■ Exercise prompt:
In the material below, please retype the lines from the very first through the one with "I have been", exactly and without pictures.

■ Record extracts:
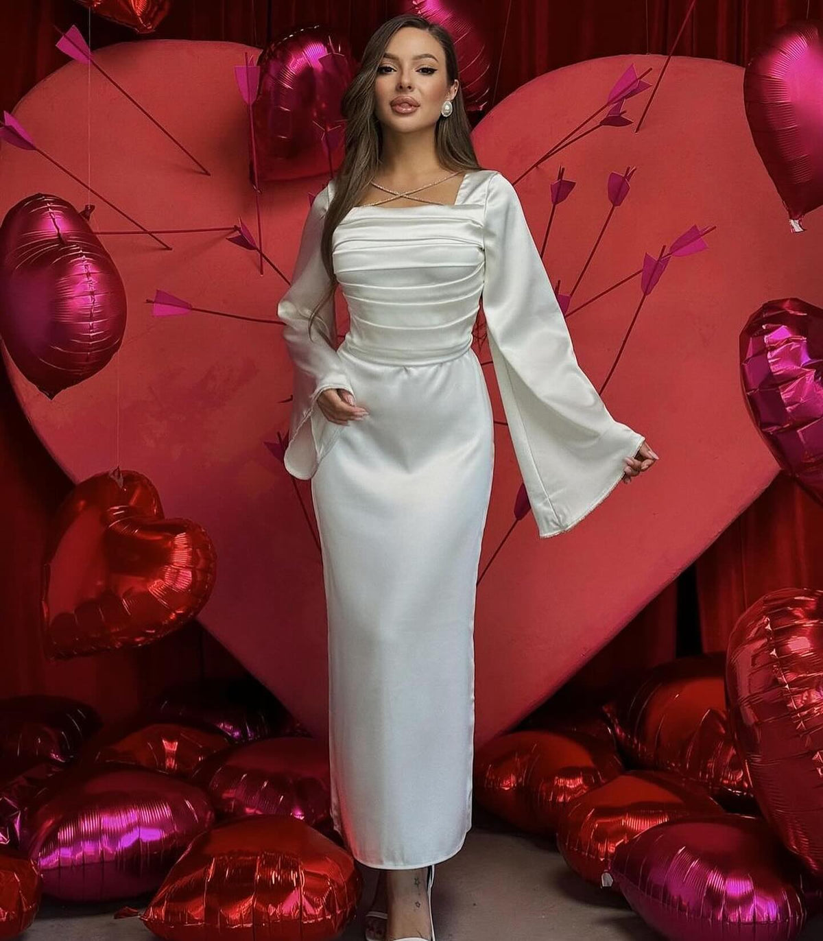 Elegant Emerald Green Long Sleeves Evening Dress SF028
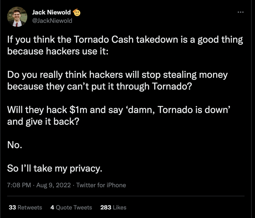 Komunitas kripto percaya bahwa Tornado Cash adalah sebuah infrastruktur publik sumber terbuka (open-source) yang memiliki manfaat besar. Hanya saja, para penjahat telah menyalahgunakannya untuk melangsungkan aksi kejahatan.
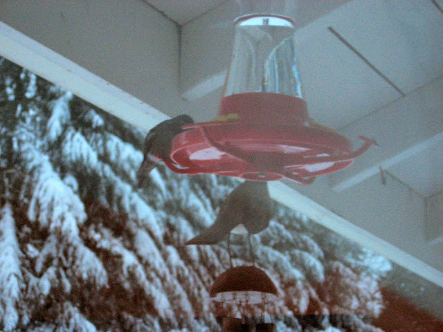 I have been bringing the feeder in at night to keep the water thawed. I had barely taken my hand away from it when I hung it out this morning when the hummer came buzzing in.......he was hungry.
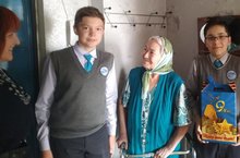 Ребята, из школьного отряда ЮнАрмии поздравили подшефного ветерана ВОВ с наступающим праздником 9 мая и вручили ей поздравительные открытки от Мэра города Набережные Челны Н.Г. Магдеева и Президента Республики Татарстан Р.Н. Минииханова
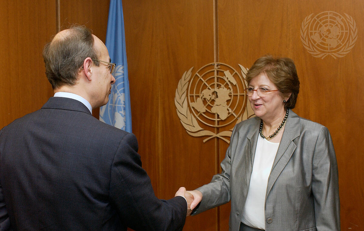 Deputy Secretary-General Louise Frechette (right) meets with Gijs De Vries, European Union Coordinator for the Fight against Terrorism.
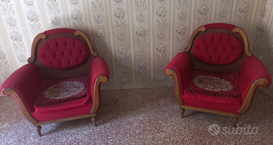 Cedo quasi in regalo (al prezzo indicato nell'annuncio si prendono tutti e 3 i pezzi) 3 poltrone con struttura in legno, 2 di colore rosso ed una color arancio (il cuscino della poltrona arancio deve essere rifatto). Disponibili tra i miei annunci altri mobili ed elettrodomestici quasi gratis.
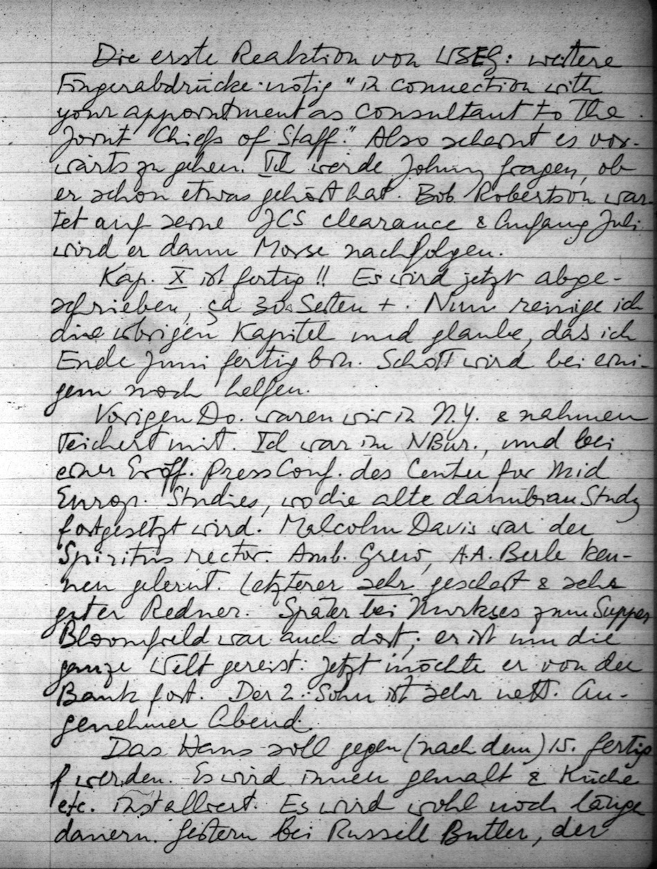 Vorigen Do. waren wir in N.Y. & nahmen Teichert mit. Ich war im NBur., und bei einer Eröff. Press Conf. des Center for Mid Europ. Studies, wo die alte danubian Study fortgesetzt wird. Malcohn Davis war der Spiritus rector. Amb. Grew, A.A. Berle kennen gelernt. Letzterer sehr gescheit & sehr guter Redner. Später bei Nurkses zum Supper. Bloomfield war auch dort; er ist um die ganze Welt gereist. Jetzt möchte er von der Bank fort. Der 2. Sohn ist sehr nett. Angenehmer Abend.
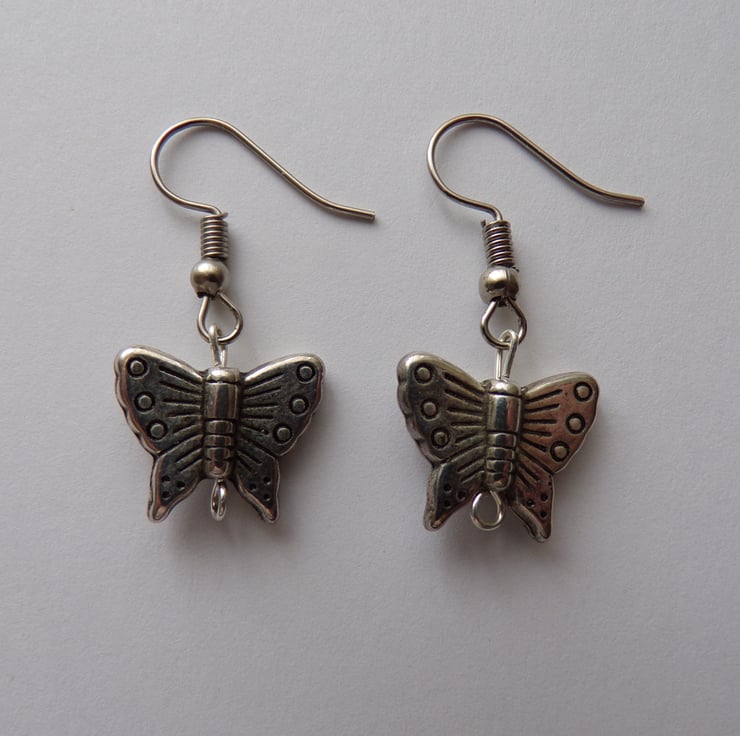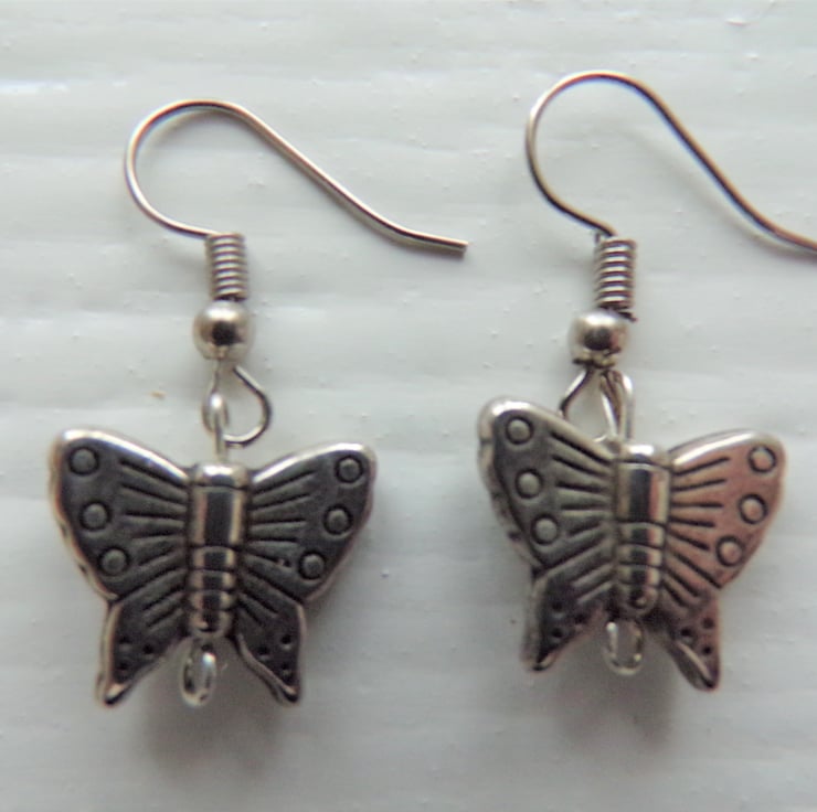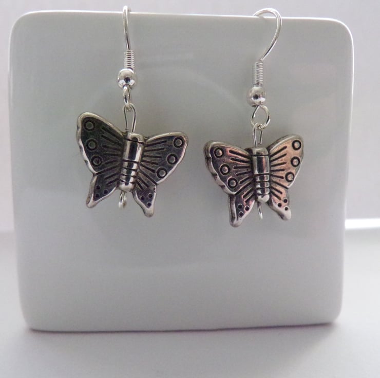 Pretty pair of silver coloured butterfly earrings. They measure approx 1.5cm drop from the ear-hook, they are on a nickle free, silver plated ear-wire (perfect for sensitive ears).
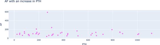 Concentration of data: Most of the points are located in the PTH range between 0 and 500, while AF remains in the range below 200. This suggests that for most cases, regardless of the PTH value, AF does not increase significantly.
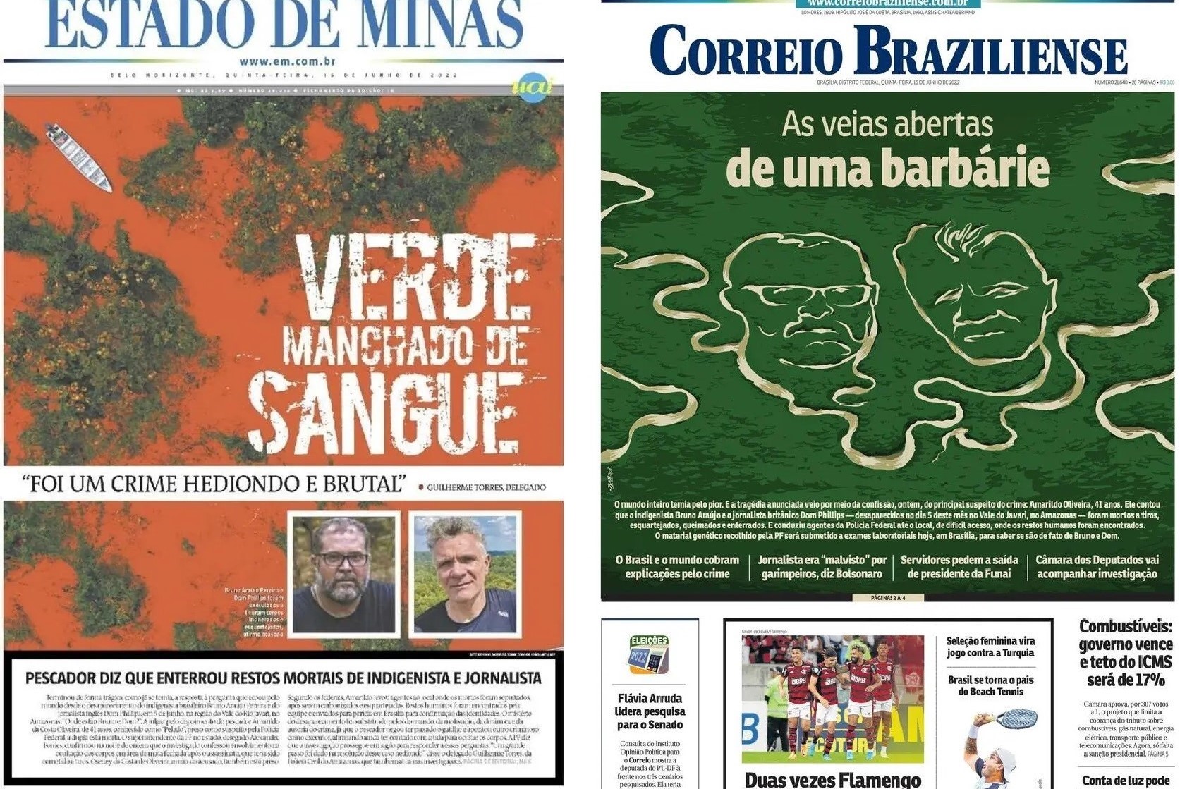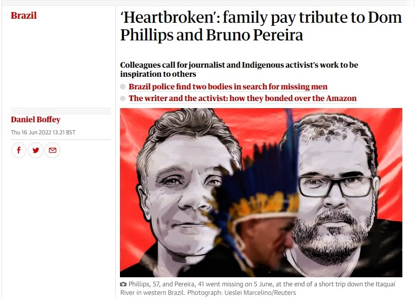 A semana foi marcada pela confirmação dos assassinatos de Bruno Pereira e de Dom Phillips. A notícia virou manchete dos principais jornais do País e teve imediata repercussão internacional, principalmente pela morte do jornalista britânico, que escrevia para o The Guardian e já tinha colaborado com Washington Post, The New York Times e Financial Times. Ambos eram conhecidos pela dedicação na preservação da floresta amazônica e na defesa das causas indígenas. E por isso foram mortos.
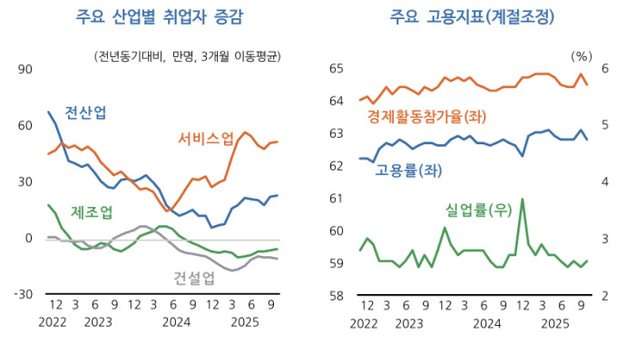 구체적으로 KDI는 "건설업 부진이 장기화되고 있으나, 소비는 금리 인하가 시차를 두고 반영되는 가운데 정부 지원 정책도 지속되며 개선세를 이어가고 있다"며 "이에 따라 서비스업 생산이 양호한 흐름을 보이면서 전산업 생산의 완만한 증가세를 견인했다. 소비와 밀접한 부문의 고용도 부진이 점차 완화되는 모습"이라고 풀이했다.
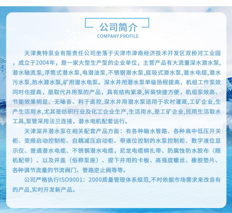 四、是要仔细查看厂家是否取得了出产许可证。可通过向经销商查询和查看说明书、包装物等断定出产厂家是否有出产许可证。如无,则是不合法出产,其产品质量不牢靠,不要购买。五、是要依据扬程挑选潜水泵。依据水位距地面的高度来断定和挑选潜水泵的扬程。国家规范规则,潜水泵运用的安全扬程应在规则扬程的83%~140%之间。
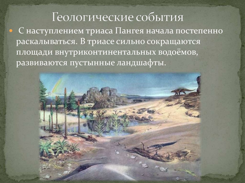 С наступлением триаса Пангея начала постепеннораскалываться. В триасе сильно сокращаются
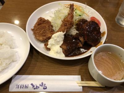 大阪出張と言えば洋食!と関西支社の同僚に言うと驚かれますが、サクッとした揚げ加減、そしてリーズナブルな価格設定は大阪特有なのかと思います。とんはるはまさに大阪の洋食ランチと言うラインナップ。900円でとんかつ、ビーフカツ、エビフライ、ハンバーグ2枚…!豪華すぎました笑
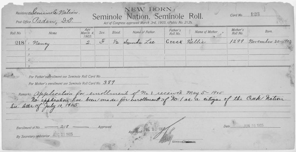 View Original:Enrollment_for_Seminole_Census_Card_123_-_NARA_-_267697.jpg (4275x2196)
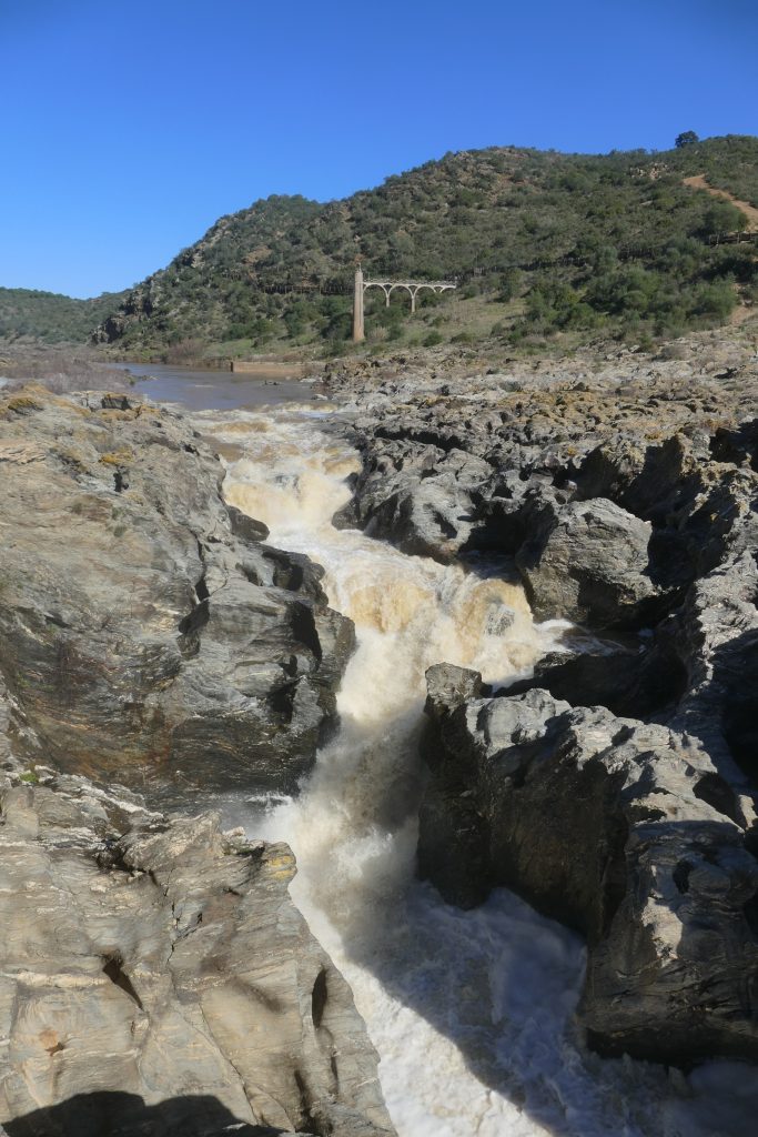 Heute wollen wir eine weite Wanderung im 70.000 Hektar großen Parque Natural do Vale do Guadiana unternehmen. Wir fahren zum Ausgangspunkt der Wanderung zu den Stromschnellen am Guadiana über das Dorf Amendoeira nach Pulo do Lobo. „Cascata do Pulo do Lobo“ bedeutet so viel wie „Wasserfall am Wolfsprung“, wo sich an einer engen Stelle zwischen den Felsen der Rio Guadiana hindurchquetscht. Er ist der größte Wasserfall im Süden von Portugal und fällt aus mehr als 20 m Höhe in die felsige Schlucht hinab. Wir wandern zuerst die kleine Straße aufwärts bis zu dem Megalith Anta das Pias. Etwas enttäuschend klein wirkt er nach den Fotos im Netz. Ein breiter Weg führt hinunter zum Guadiana wo wir schon die ersten Stromschnellen sehen. An einer Ruine biegt der Weg steil bergab und wird zu einem schmalen Pfad. Jetzt wird es etwas kniffelig, den Weg am Fluss entlang durch Wiesen und über Steine zu folgen. Schon bald sehen wir die Rauchfahne des Wasserfalls. Da es in den letzten Tagen geregnet hat, führt der Fluss viel Wasser, sodass es ein ansehnlicher Wasserfall ist. Gegenüber erkennen wir einen Holzsteg mit vielen Treppen. Da müssen wir uns erkundigen, wie wir dorthin kommen. Vom Wasserfall führt dann ein steiler Weg wieder hinauf zum Parkplatz. Nach einer Pause fahren wir weiter nach Beja.

■ Solution to this exercise:
 Elegant Emerald Green Long Sleeves Evening Dress SF028
 Komunitas kripto percaya bahwa Tornado Cash adalah sebuah infrastruktur publik sumber terbuka (open-source) yang memiliki manfaat besar. Hanya saja, para penjahat telah menyalahgunakannya untuk melangsungkan aksi kejahatan.
 I have been bringing the feeder in at night to keep the water thawed. I had barely taken my hand away from it when I hung it out this morning when the hummer came buzzing in.......he was hungry.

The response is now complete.